PROBLEM DETAILS: Begin your copy at the line with "The Garden Club" in the records below and end it at the line with "Fig.21 Two doorways", restating each line word for word; omit the pictures.

Start of RECORDS

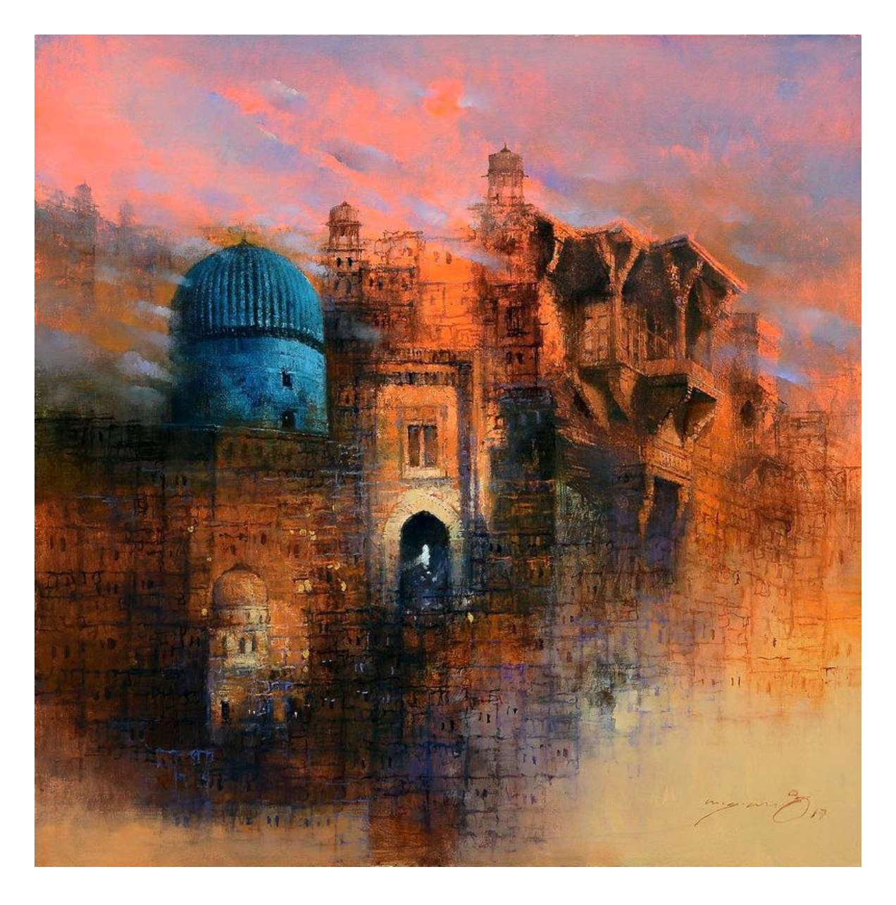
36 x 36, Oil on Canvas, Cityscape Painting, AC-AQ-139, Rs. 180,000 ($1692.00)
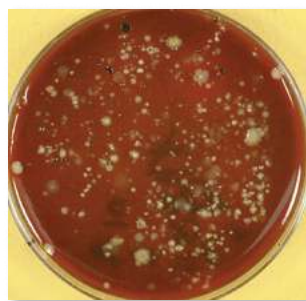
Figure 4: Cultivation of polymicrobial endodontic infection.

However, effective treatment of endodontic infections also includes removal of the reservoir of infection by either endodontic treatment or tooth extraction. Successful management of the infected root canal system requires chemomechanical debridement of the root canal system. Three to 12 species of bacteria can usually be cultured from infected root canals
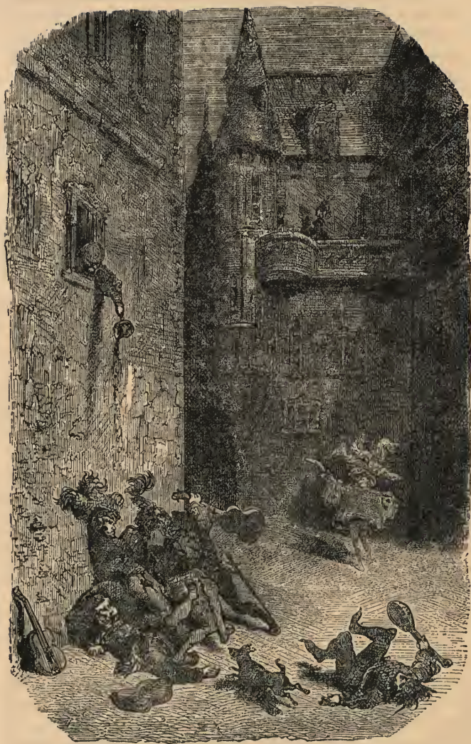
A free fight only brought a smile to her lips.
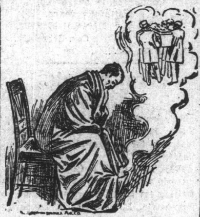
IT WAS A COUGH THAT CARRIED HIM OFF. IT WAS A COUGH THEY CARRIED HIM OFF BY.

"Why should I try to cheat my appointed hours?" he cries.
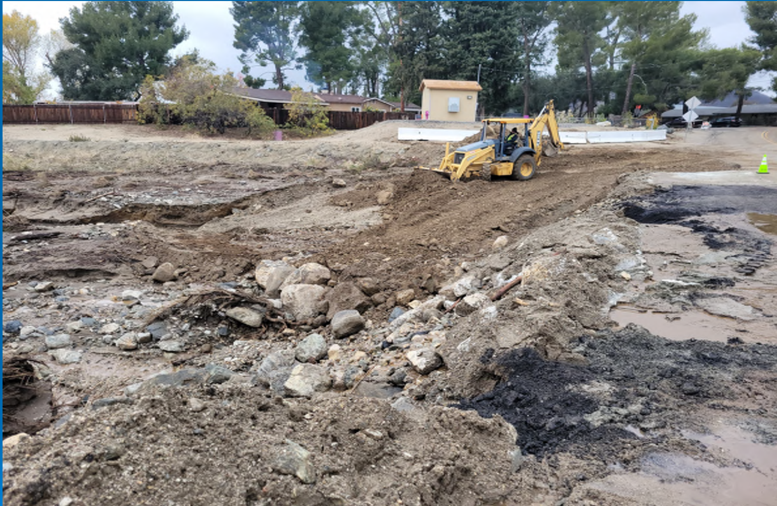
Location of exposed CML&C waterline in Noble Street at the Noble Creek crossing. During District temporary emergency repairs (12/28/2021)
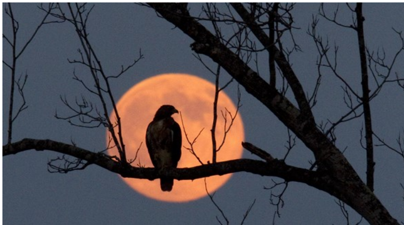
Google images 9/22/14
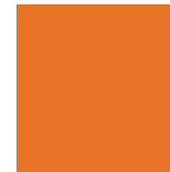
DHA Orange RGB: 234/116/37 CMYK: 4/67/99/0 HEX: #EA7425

End of RECORDS
Start of RECORDS

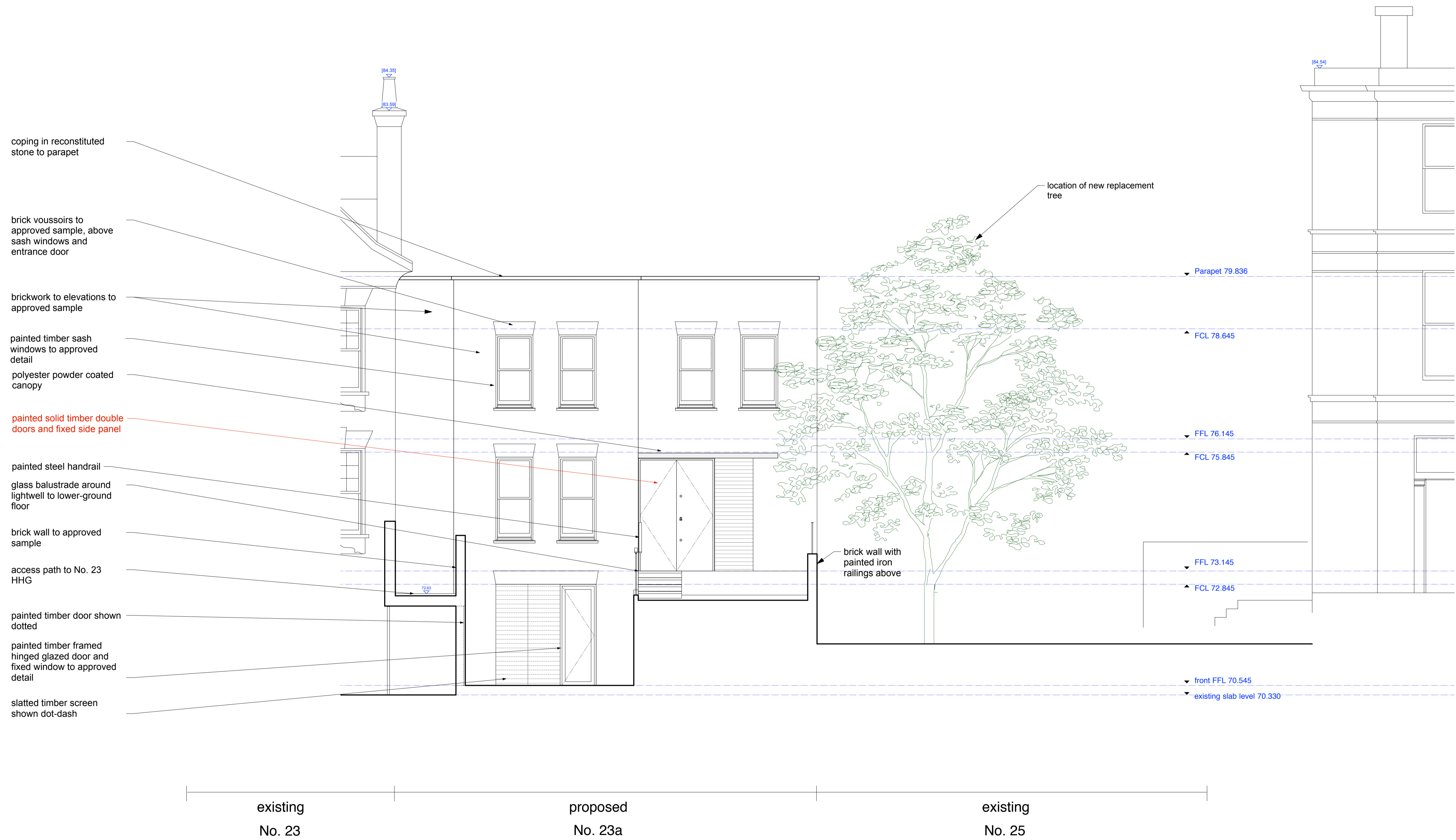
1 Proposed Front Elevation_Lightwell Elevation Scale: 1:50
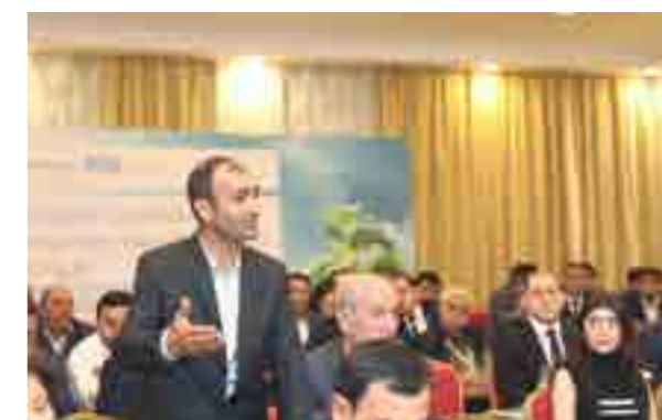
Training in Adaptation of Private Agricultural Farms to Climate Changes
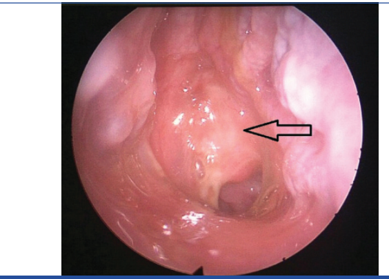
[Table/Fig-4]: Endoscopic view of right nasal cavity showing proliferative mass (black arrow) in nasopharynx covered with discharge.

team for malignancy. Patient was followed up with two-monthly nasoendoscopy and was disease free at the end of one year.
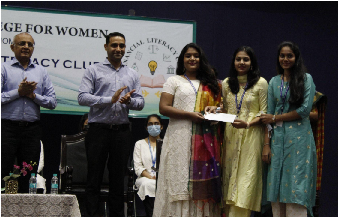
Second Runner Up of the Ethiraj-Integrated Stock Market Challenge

End of RECORDS
Start of RECORDS

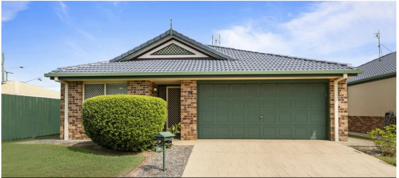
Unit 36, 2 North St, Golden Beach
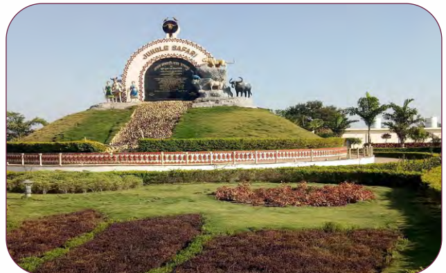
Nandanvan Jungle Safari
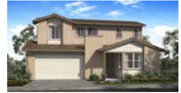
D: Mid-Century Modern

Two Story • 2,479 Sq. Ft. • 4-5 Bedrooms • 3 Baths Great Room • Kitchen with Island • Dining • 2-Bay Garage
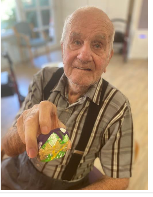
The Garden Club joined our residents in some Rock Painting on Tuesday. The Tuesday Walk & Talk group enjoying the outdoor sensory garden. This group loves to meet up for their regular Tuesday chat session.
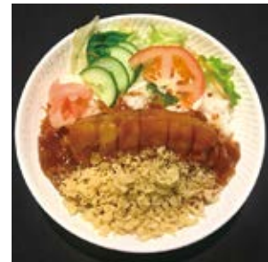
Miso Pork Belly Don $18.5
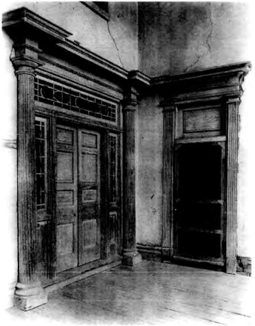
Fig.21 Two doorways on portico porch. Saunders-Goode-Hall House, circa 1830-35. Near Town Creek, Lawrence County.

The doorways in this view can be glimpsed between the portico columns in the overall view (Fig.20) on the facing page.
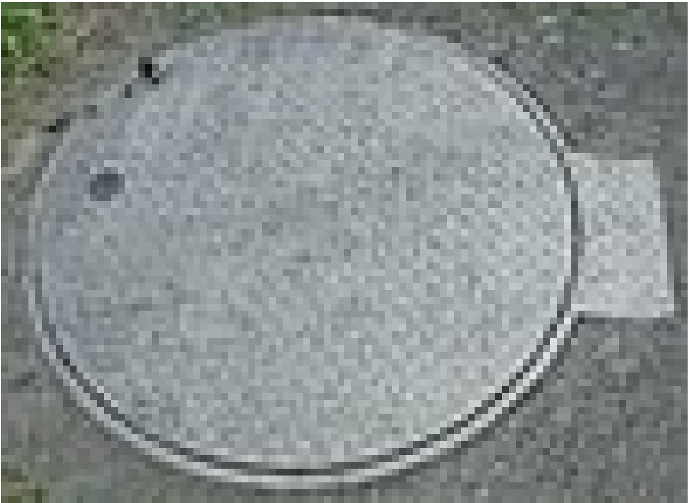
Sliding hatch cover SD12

End of RECORDS

REPLY:
The Garden Club joined our residents in some Rock Painting on Tuesday. The Tuesday Walk & Talk group enjoying the outdoor sensory garden. This group loves to meet up for their regular Tuesday chat session.
Miso Pork Belly Don $18.5
Fig.21 Two doorways on portico porch. Saunders-Goode-Hall House, circa 1830-35. Near Town Creek, Lawrence County.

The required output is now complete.